The in the 1 to 3 arrangement shown offers on the one hand the advantage of greater thermal safety, since the heat loss from the component 2 not just from the heatsink 1 adjacent side of the component 2 is dissipated, but also on the heat sink 1 opposite side of the component 2 , This is done by the spring clip 3 , which is designed as an additional cooling element. Furthermore, the arrangement shown is vibration-proof so that when vibration stress the spring clip 3 does not climb up. This is the spring clip 3 with the outside 8th of the heat sink 1 , ie locked with its side facing away from the component rear side. The arrangement is further characterized by a small depth and ease of installation, since the spring clip 3 can be mounted without tools and disassembled by means of a simple flat-head screwdriver between the heat sink 1 and the spring clip 3 is introduced.

1

heatsink

2

component

3

spring clip

4, 5

leg

6

circuit board

7

terminal lug

8th

outside of the heat sink

9

free End of one thigh

10

recess

11

joint

12

free End of the other thigh

Claims (9)

Arrangement comprising a heat sink ( 1 ), an electronic component ( 2 ) and a spring clip ( 3 ) for pressing the component ( 2 ) to the heat sink ( 1 ), characterized in that the spring clip ( 3 ) is designed as an additional cooling element.
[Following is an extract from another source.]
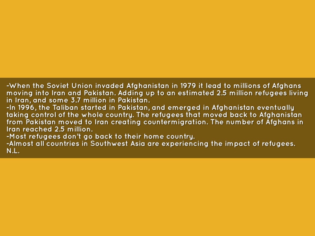 -In 1996, the Taliban started in Pakistan, and emerged in Afghanistan eventually taking control of the whole country. The refugees that moved back to Afghanistan from Pakistan moved to Iran creating countermigration. The number of Afghans in Iran reached 2.5 million.

Arrangement according to claim 1, characterized in that the spring clip ( 3 ) is made of a material whose thermal conductivity is higher than the thermal conductivity of the electronic component ( 2 ), in particular higher than the thermal conductivity of steel, in particular of spring steel. Arrangement according to claim 1 or 2, characterized in that the thermal conductivity of the spring clip ( 3 ) is at least 40 W / mK. Arrangement according to at least one of claims 1 to 3, characterized in that the thermal conductivity of the spring clip ( 3 ) is in a range of 40-400 W / mK, in particular of 64-204 W / mK. Arrangement according to at least one of claims 1 to 4, characterized in that the spring clip ( 3 ) made of spring bronze SnCu6, aluminum, copper, brass or alloys of these materials. Arrangement according to at least one of claims 1 to 5, characterized in that the spring clip ( 3 ) one on the component ( 2 ) adjacent legs ( 4 ), which at least partially the component ( 2 ) touched flat. Arrangement according to at least one of claims 1 to 6, characterized in that the spring clip ( 3 ) one on the heat sink ( 1 ) adjacent legs ( 5 ), which at least partially the heat sink ( 1 ) touched flat. Arrangement according to at least one of claims 1 to 7, characterized in that the spring clip ( 3 ) is formed throughout. Arrangement according to at least one of claims 1 to 8, characterized in that the spring clip ( 3 ) and the heat sink ( 1 ) formschlüs sig are connected.